Study material:
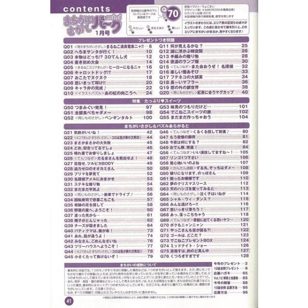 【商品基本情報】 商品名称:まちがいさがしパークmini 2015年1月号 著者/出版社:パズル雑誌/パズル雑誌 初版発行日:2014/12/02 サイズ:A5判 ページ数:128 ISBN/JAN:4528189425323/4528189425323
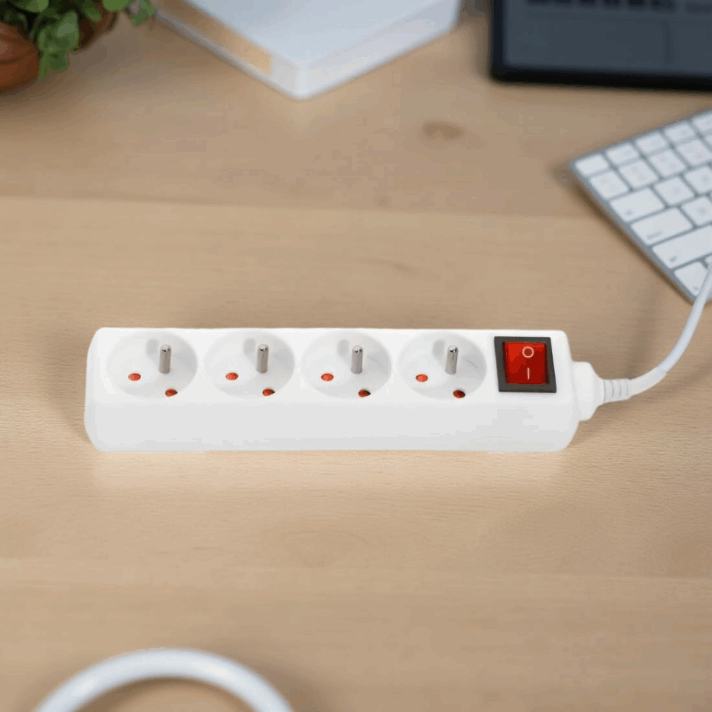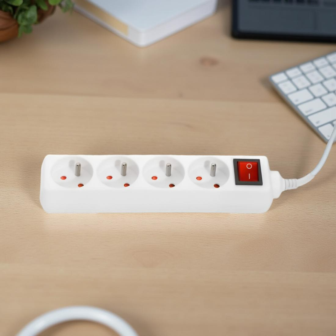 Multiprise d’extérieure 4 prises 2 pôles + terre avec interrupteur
==
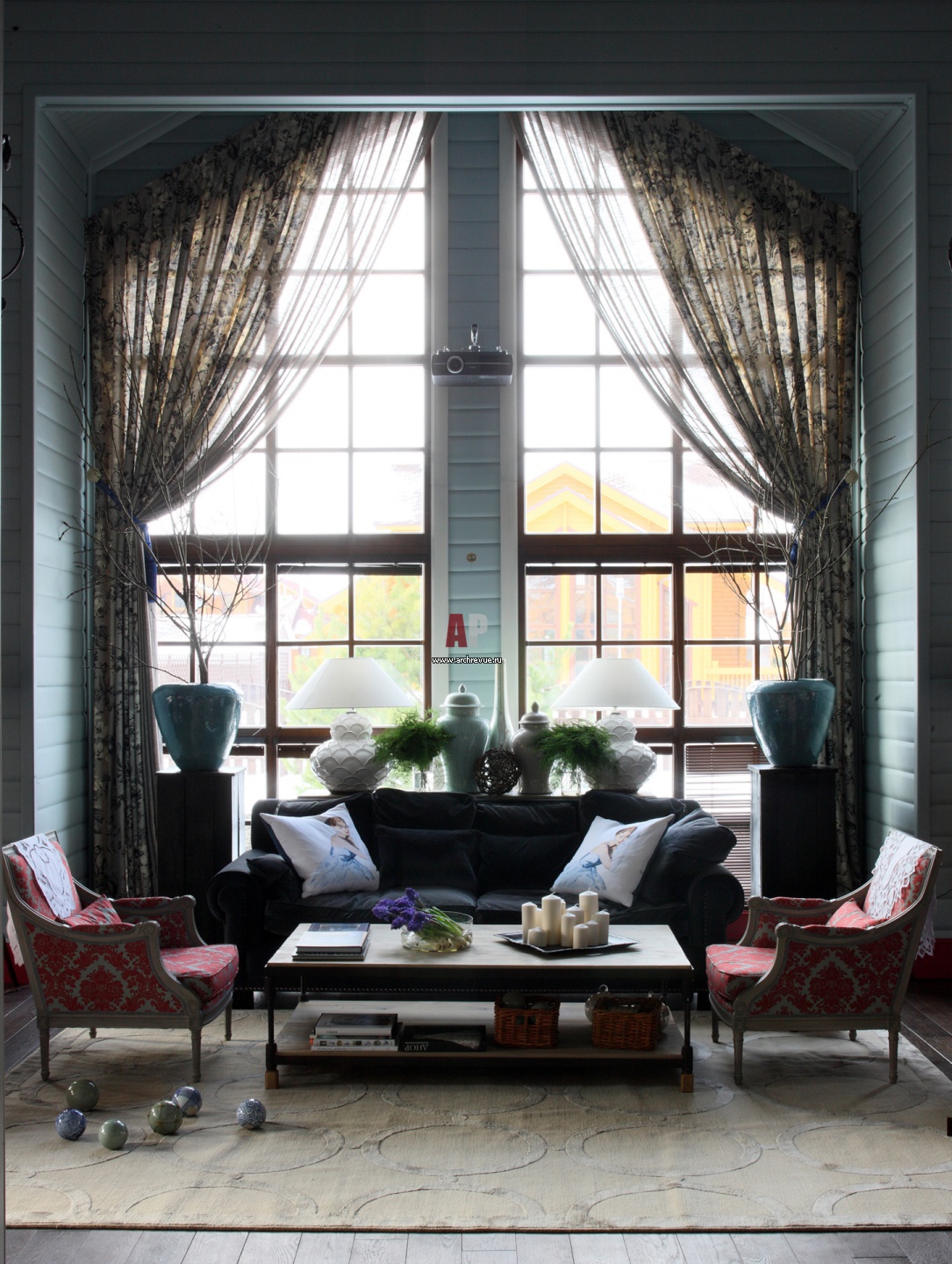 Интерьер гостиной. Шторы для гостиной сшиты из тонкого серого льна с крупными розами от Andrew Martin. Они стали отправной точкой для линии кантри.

Your assignment:
All lines above starting at the one with "サイズ:A5判 ページ数:128 ISBN/JAN:4528189425323/4528189425323" and ending at the one with "Multiprise d’extérieure 4", inclusive, are to be printed again exactly, with the pictures left out.

Answer space:
 【商品基本情報】 商品名称:まちがいさがしパークmini 2015年1月号 著者/出版社:パズル雑誌/パズル雑誌 初版発行日:2014/12/02 サイズ:A5判 ページ数:128 ISBN/JAN:4528189425323/4528189425323
 Multiprise d’extérieure 4 prises 2 pôles + terre avec interrupteur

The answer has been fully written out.